Sidechains and state channels allow parties to conduct transactions on parallel, privately controlled, chains with assets that are represented, and therefore reconcilable, on a more public chain.

While solving many of the privacy concerns, these off-chain approaches abandon one of the main features of open blockchain technology, which is the resilience that comes from having the same data duplicated on multiple computers.

“Because blockchains are a distributed technology, it means that you don’t have a single point of failure,” said Jack Gavigan, the lead author of the R3 study and another Zcash founder. “For example, if Facebook goes down, you can’t access Facebook. But if a single blockchain node goes down, that doesn’t mean you can’t access the blockchain. It just means that you end up connecting to a different node.”

When transactions occur off the main, universally shared blockchain, they do not benefit from this key feature.

Mixing

The bitcoin blockchain stores the complete transactional history of every coin, who owned it (what address it was assigned to) and when it was spent. Mixing combines coins from multiple users, shuffles them, breaks them into smaller amounts, and then redistributes the money to the intended recipients so as to randomize the transactional history.

Early mixing services were run by third parties that users had to temporarily entrust with their money. Now there are decentralized alternatives, such as CoinJoin, that allow multiple people to jointly sign a single transaction to multiple recipients. The result is more secure than relying on a third party (who might retain a record of the intended premixed transactions — or abscond with the funds). MimbleWimble, a proposal outlined by an anonymous author in a paper last summer, would go even further to mix together all transactions in every new block that is created.

An ideal mixing service merges many random transactions and distributes funds after a delay, meaning that it’s slow and requires coordination.

Furthermore, mixing is not likely to sit well with regulators of the financial industry.

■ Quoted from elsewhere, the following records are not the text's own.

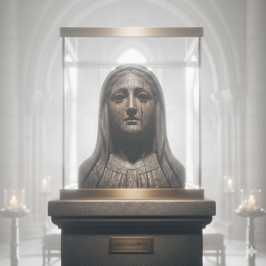 - El Hallazgo Milagroso: Meses después, un monje trapense llamado Kaemon Noguchi, que había sido movilizado por la guerra, regresó a las ruinas. Buscando entre los escombros de lo que fue el altar mayor, encontró la cabeza de la estatua. Aunque el cuerpo se había desvanecido, el rostro de la Virgen permanecía, conservando una expresión de paz dolorosa.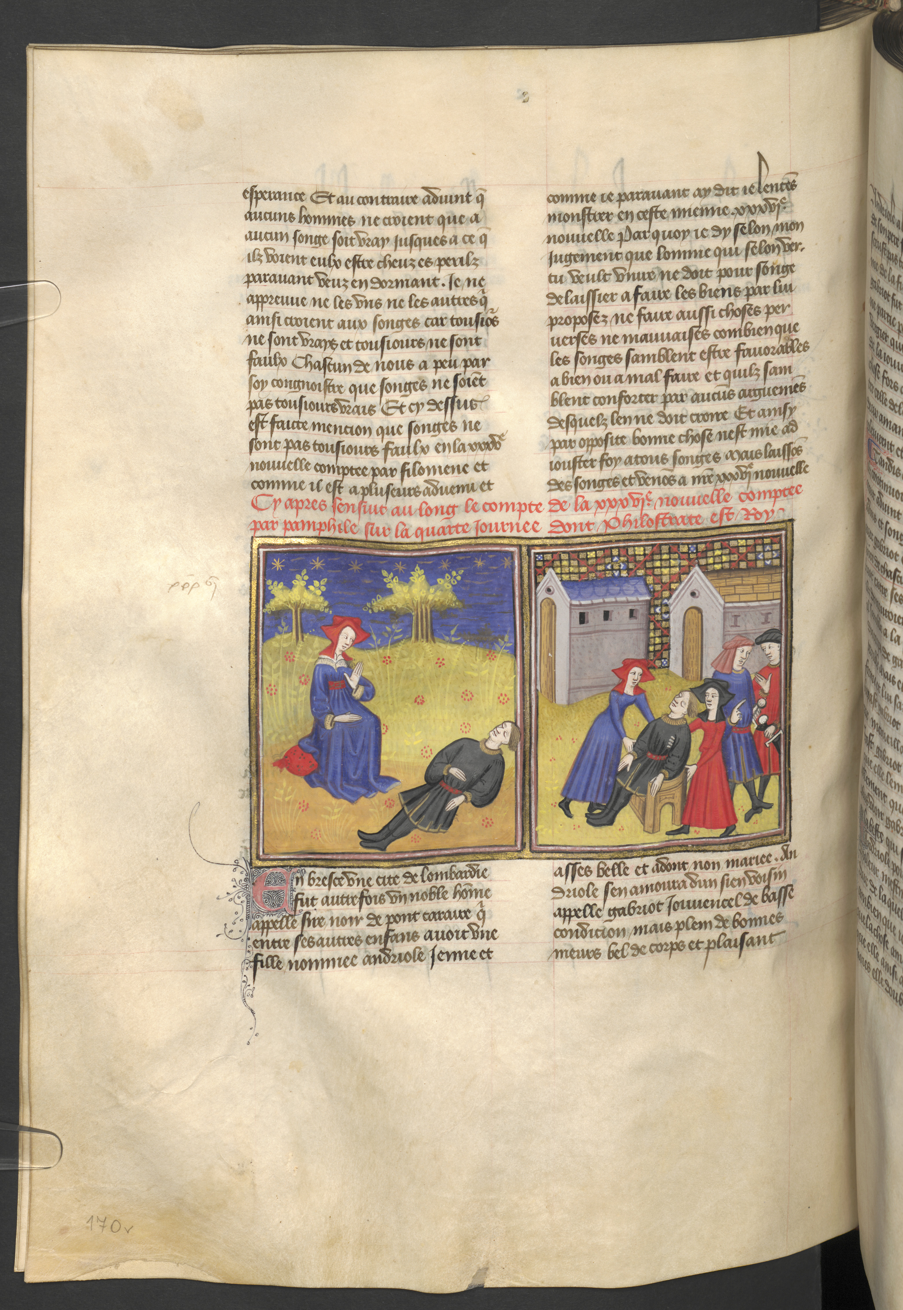 Miniatore francese (1425-1450), Andreuola piange la morte di Gabriotto; Andreuola trasporta il corpo dell'amato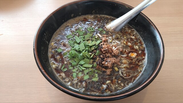 今回は月限定の「黒ごま担々麺」と「B定食(レバニラ)」。かみさんは「麻婆豆腐定食」。黒ごま担々麺にはニラがトッピングされてる。黒胡麻が贅沢に使われていて香ばしい仕上がりで、細麺にスープが絡んでかなり美味い。愚生的に辣油をもっと多くても好いと思うが、バランスの好い味わいです。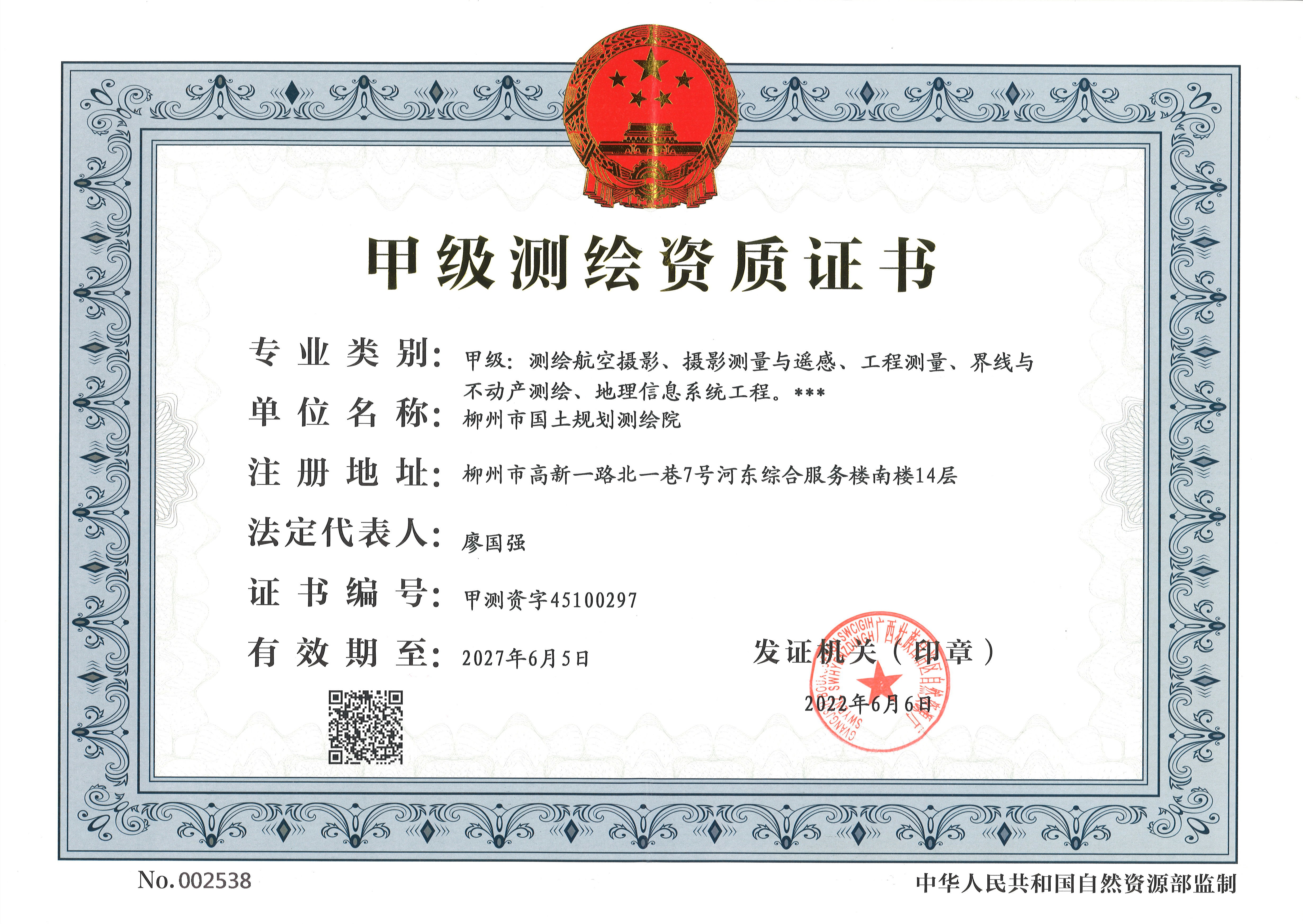 2022年6月,柳州市国土规划测绘院(下称“测绘院”)申报的四项甲级测绘资质(工程测量、航空摄影、摄影测量与遥感、地理信息系统工程)顺利通过广西壮族自治区自然资源厅审批,连同2013年取得的界线与不动产测绘甲级资质。至此,柳州市国土规划测绘院五大专业测绘资质均升级为甲级。
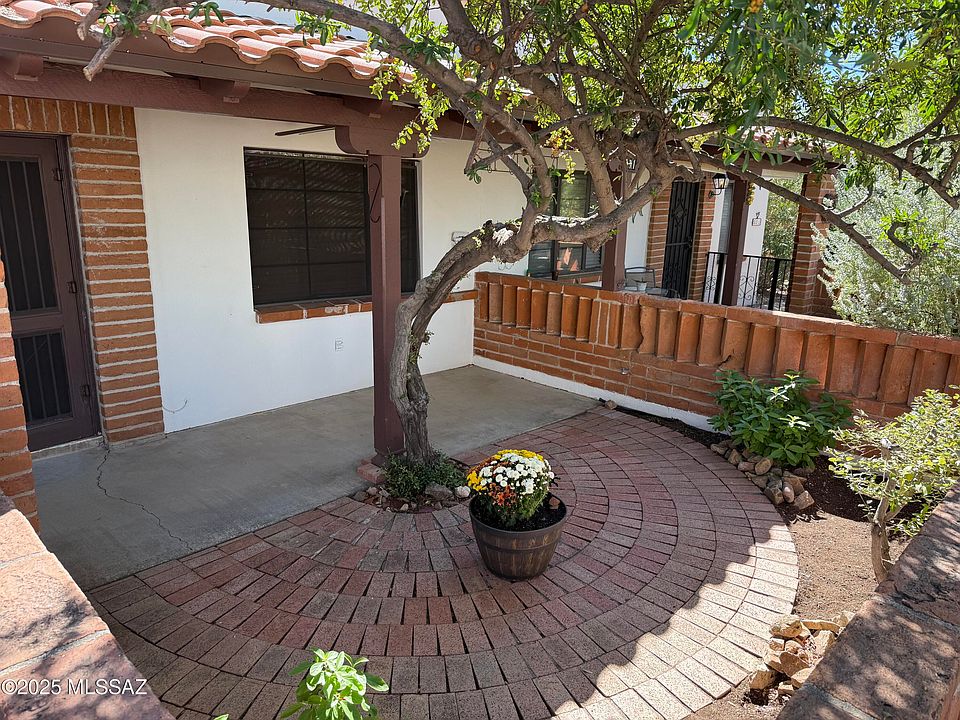 West-facing corner unit under large shade trees allows gorgeous sunset viewing surrounded by lush desert greenery. Enjoy not having to maintain or operate an outside washer/dryer closet, since you can utilize any of three laundry buildings with attached outdoor clothesline courtyards - put in a load or two, then relax at one of the two swimming pools!Interior is super clean and freshly painted in modern neutral tones to compliment the smooth tile flooring, while bedroom offers a plush carpet underfoot.Original floorplan means abundant kitchen storage with shelving hidden behind folding doors. Choose to shower or bathe in the cast iron tub, or reconfigure to suit your own needs.Ideally situated and value-priced, this charming villa maintained by HOA supplied water, HVAC, water heater, twice weekly garbage pickup, service for pest control, dedicated lighted parking and manicured landscaping.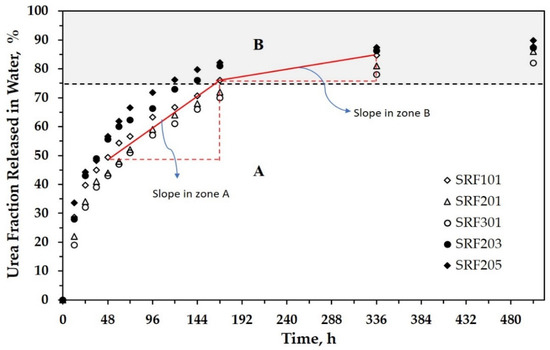 Figure 3 can be divided virtually into two zones (A and B). As seen, urea’s release appears to find the release equilibrium at around 75%. For all samples, the slope of urea release in Zone A is sharper than that in Zone B. This shows that urea was released rapidly in the first stage (Zone A), then the release rate tended to be slow in Zone B. For example, the fraction of released urea in Zone A for SRF101 changed by about 25% within 120 h (in the range of 48–168 h). In Zone B, it required a time of around 168 h (in the range of 168–336 h) to achieve an additional urea release of 12.5%. The increasing concentration of urea in SRF urged the urea release to be faster. After immersion for 96 h, the percentage of urea release reached about 59%, 66%, and 72% for urea concentrations of 1% (SRF201), 3% (SRF203), and 5% (SRF205), respectively. This phenomenon proves that urea, with its hygroscopic property, still existed and affected the release process.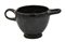 GLAUX ATTICA A VERNICE NERA DATAZIONE: V-IV sec. a.C. MATERIA E TECNICA: argilla figulina arancio, vernice nera lucente con riflessi metallici, modellata a tornio veloce Orlo arrotondato leggermente rientrante; vasca troncoconica; piede ad anello; un’ansa a bastoncello impostata obliquamente sotto l’orlo, l’altra a nastro impostata verticalmente sul corpo; interamente verniciata; sotto al piede anello centrato da puntino. PRODUZIONE: ceramica attica a vernice nera. STATO DI CONSERVAZIONE: integra; lievi scheggiature. DIMENSIONI: alt. cm 7,2; diam. bocca cm 8,5. PROVENIENZA: Casa d’aste Pandolfini Firenze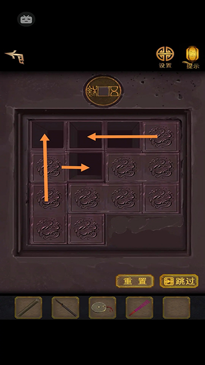 15、右边墙火把下,铜钱安上,开启华容道,获得磁蛙,这时候不要去开门,因为差一个线索,直接开会触发bug;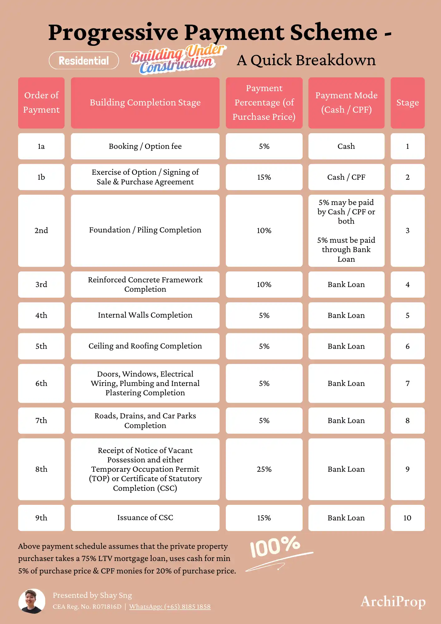 Each stage correlates with specific construction progress, giving you control over your investment timing. The table below outlines clearly the respective stages and percentages of payment during the construction process. It’s based on the scenario where you will be taking a 75% LTV of the property price as the bank loan (which means 25% to be paid in cash or CPF.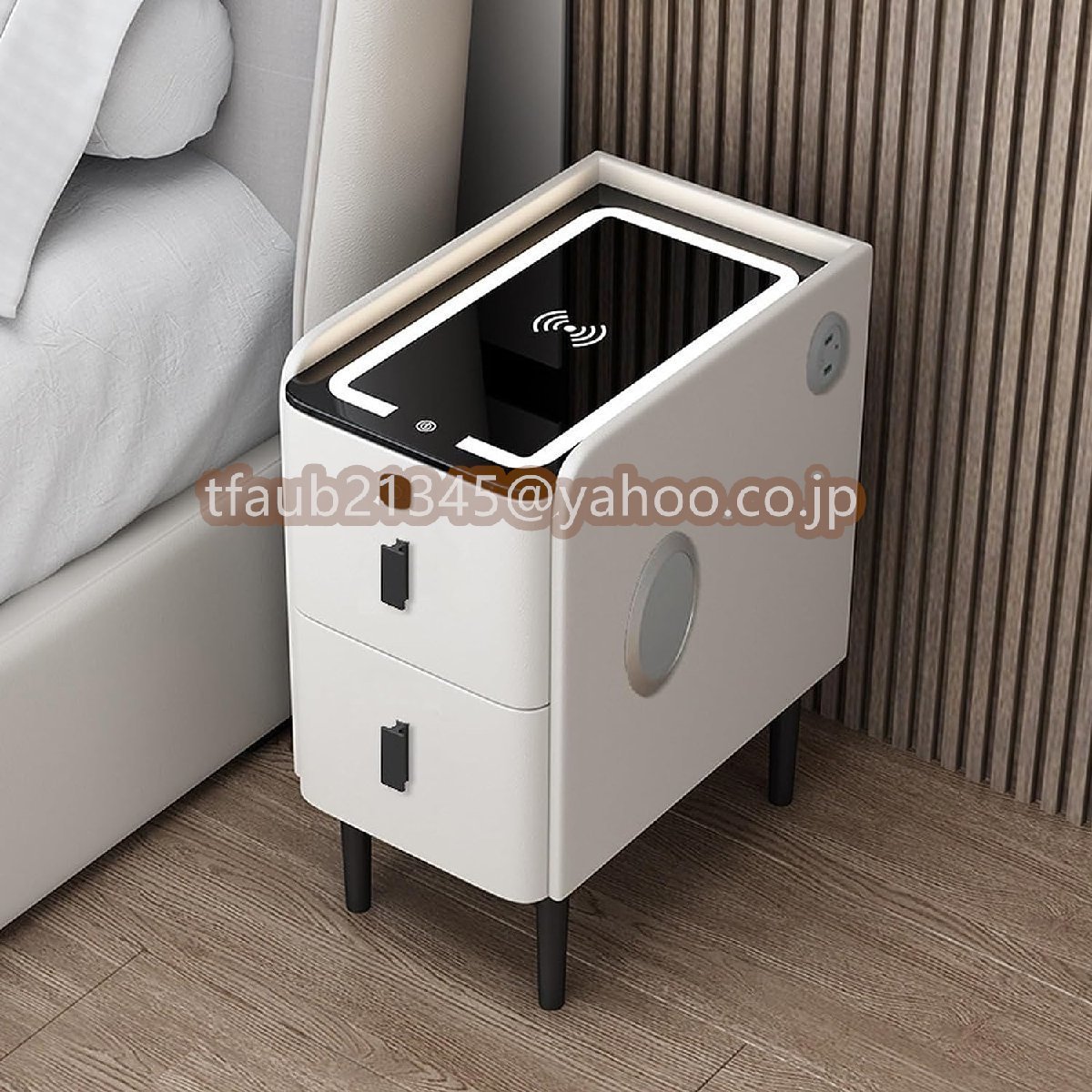 このスマートなナイトスタンドにはワイヤレス充電ステーションが付属しており、携帯電話をテーブルの上に置くだけで急速充電でき、USB ポートも付いています。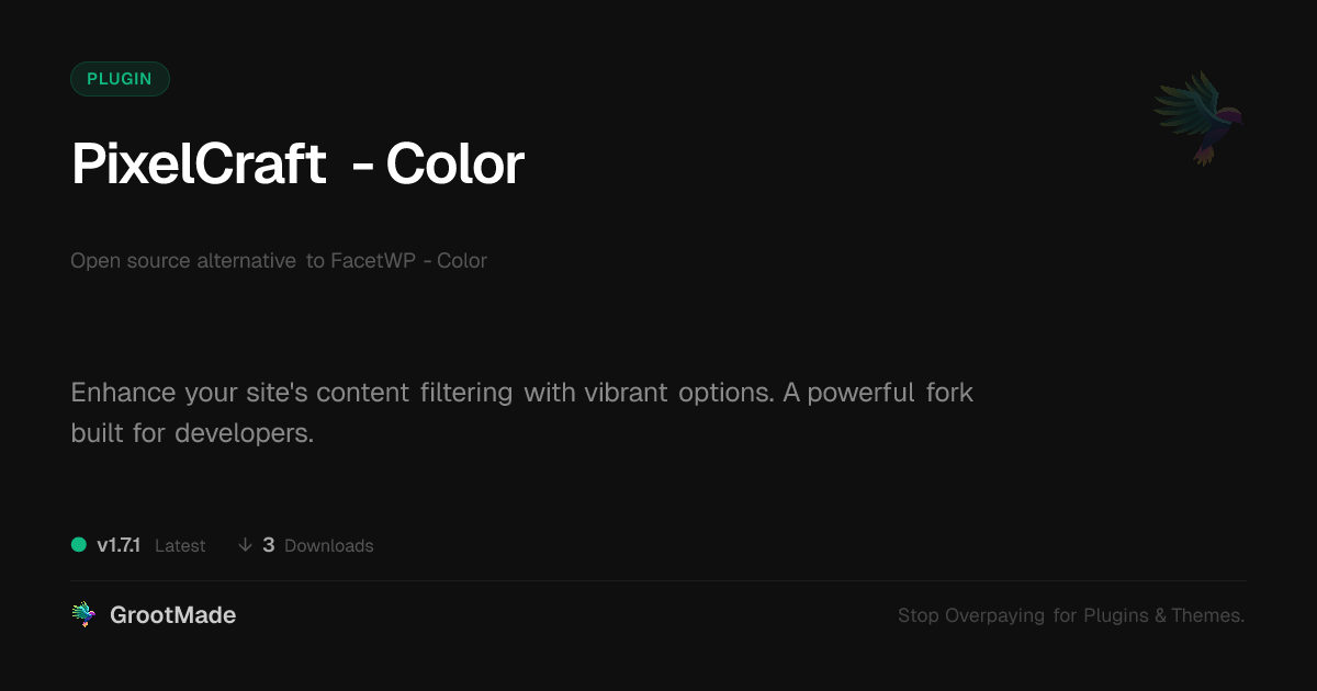 | Tags | customization, directory comparison, WC, Color Picker, content filtering, Filter, Color, website enhancement, open source, download integration, ecommerce, Digital Downloads, e-commerce site search, site search, digital identity control, product filters, product display, user experience, shop |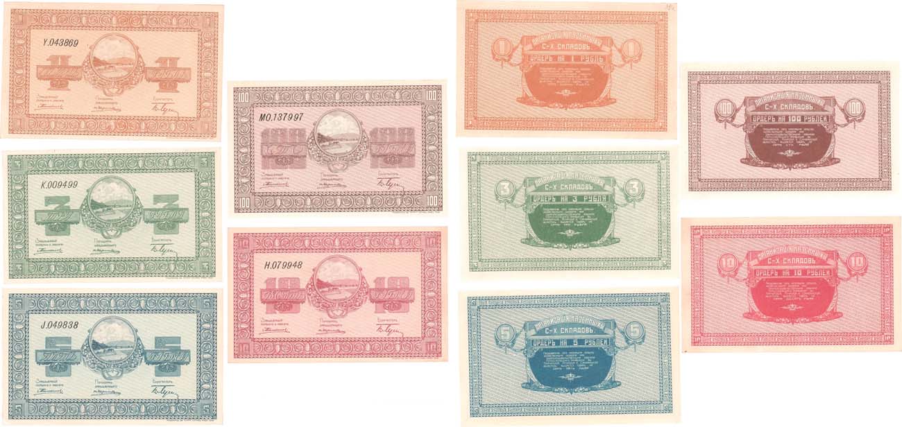 Ордер на 1, 3, 5, 10 и 100 рублей 1919 года. Переселенческое управление. Организация казенных сельско-хозяйственных складов. Рябченко №№ 5990р (10д), 5991р (8д), 5992р (8д), 5993р (10д), 5996р (10д). aUNC/UNC.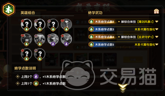 ②木系绝学(含木系绝学·残):共10名英雄,满羁绊需累计5点绝学值(1名完整木系=1点,2名木系·残=1点)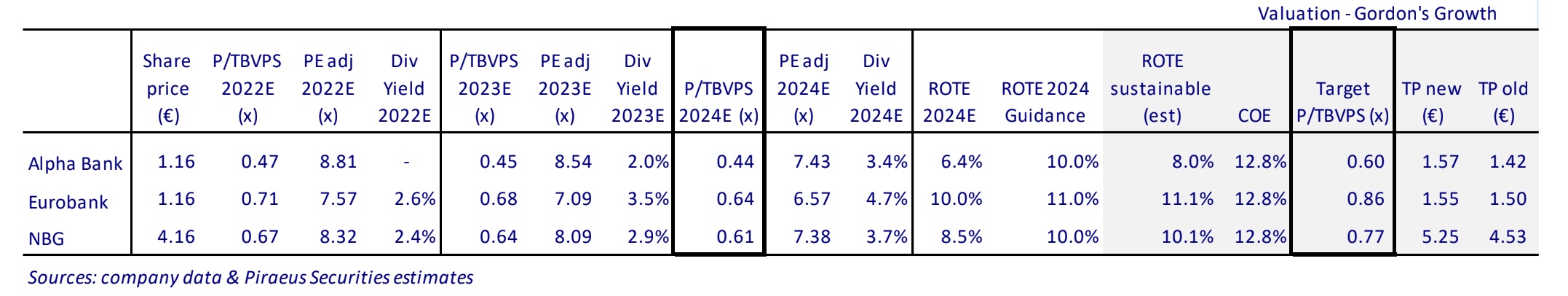 Ως προς τους τραπεζικούς τίτλους των τριών εκ των τεσσάρων συστημικών (δεν αξιολογεί την Τράπεζα Πειραιώς), η Piraeus Securities χρησιμοποιεί δείκτη αποδοτικότητας ενσώματων ιδίων κεφαλαίων ROTE στο 8% για την Alpha Bank, στο 10% για την Εθνική Τράπεζα και στο 11% για τη Eurobank, με ένα κόστος κεφαλαίου (CοE) στο 12,8% ώστε να φτάσει σε δείκτες P/TBVPS στο 0,6x για την Alpha Bank, στο 0,8x για την Εθνική Τράπεζα και στο 0,9x για τη Eurobank.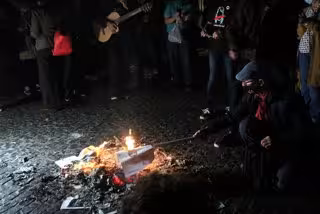 Barcelona.-Un centenar de persones s'han concentrat aquest dijous a la plaa de Sant Jaume de Barcelona per cremar fotografies de Felip VI, seguint la convocatria de l'Assemblea Nacional Catalana (ANC) davant els ajuntaments d'arreu de Catalunya en la vigília de la visita del rei a la capital catalana. Els participants a la concentració han cridat proclames com "Catalunya no té rei", "Mor al Borbó", "Borbons, tornin els milions" o "El rei és de Vox"  mentre s'arremolinaven al voltant de la foguera per anar cremant les imatges. Felip VI participar aquest divendres a la clausura de la Barcelona New Economy Week, juntament amb el president del govern espanyol, Pedro Sánchez, i enmig de convocatries dels Comits de Defensa de la República (CDR).
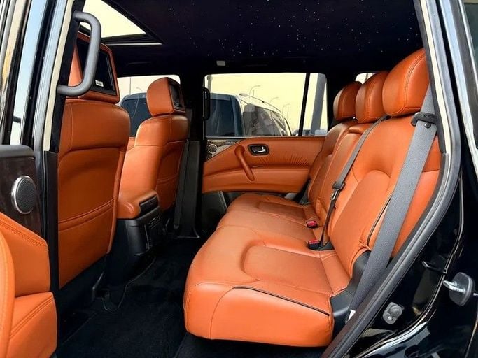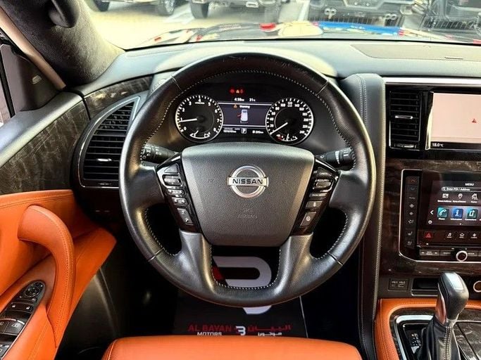 This 2020 Nissan Patrol LE Titanium is a full-size SUV built to handle challenging terrain and long-distance travel with ease. Under the hood sits a 5.6-liter V8 petrol engine producing 400 horsepower, paired with an automatic transmission and all-wheel drive. The exterior is a deep black, and it carries GCC specifications, aligning with local market expectations and equipment. Inside, the Patrol offers a spacious cabin designed for comfort on extended journeys, with seating for multiple occupants and versatile cargo space. The mix of V8 power and AWD translates into confi

“If you’re saying to your regulator, ‘Oh yeah, we’re achieving privacy and confidentiality for our customers by mixing their transactions with a whole bunch of other transactions,’ then the regulator is probably going to raise their eyebrows a little bit,” Gavigan said. “But for a different use case it might be perfectly valid, where the provenance of the assets isn’t so much of a big deal.”

Ring signatures

Ring signatures were first described as part of the CryptoNote protocol—which is implemented in the digital currency Monero—to hide the sending address of a transaction. Using a ring signature creates a transaction that is attributed to the public keys of multiple senders, only one of which is the real author. It is impossible to discern, simply by looking at a ring signature, which address initiated the transaction and ultimately signed it.

But other observations could increase an attacker’s chance of guessing. For example, looking at previous transactions from each of the addresses might reveal times of day when transactions were more likely to occur or other data that could be used in a transaction graph analysis.

Wilcox, who worked with Gavigan on the report, calls this a strategy of “hiding in a crowd,” and argues that its success depends on how big the crowd is and how random the people in it are. (Monero, it should be noted, has a fierce rivalry with his project, Zcash.)

Monero selects decoy addresses with a method called triangular distribution which favors coins that have been used frequently in recent transactions and are therefore more likely to look authentic than addresses where coins have been sitting idle.

"Every ring signature includes at least one very recent output, either because a user wants to spend a recent output, or because they don’t but we always want a recent output in," said Riccardo Spagni, the lead maintainer of the Monero source code. "There’s no way of knowing, which means that analysis is back to assuming every output in the ring is a candidate."

Pederson commitments

Pedersen commitments are the key ingredient in bitcoin core developer Greg Maxwell’s Confidential Transactions and are a planned addition to Monero.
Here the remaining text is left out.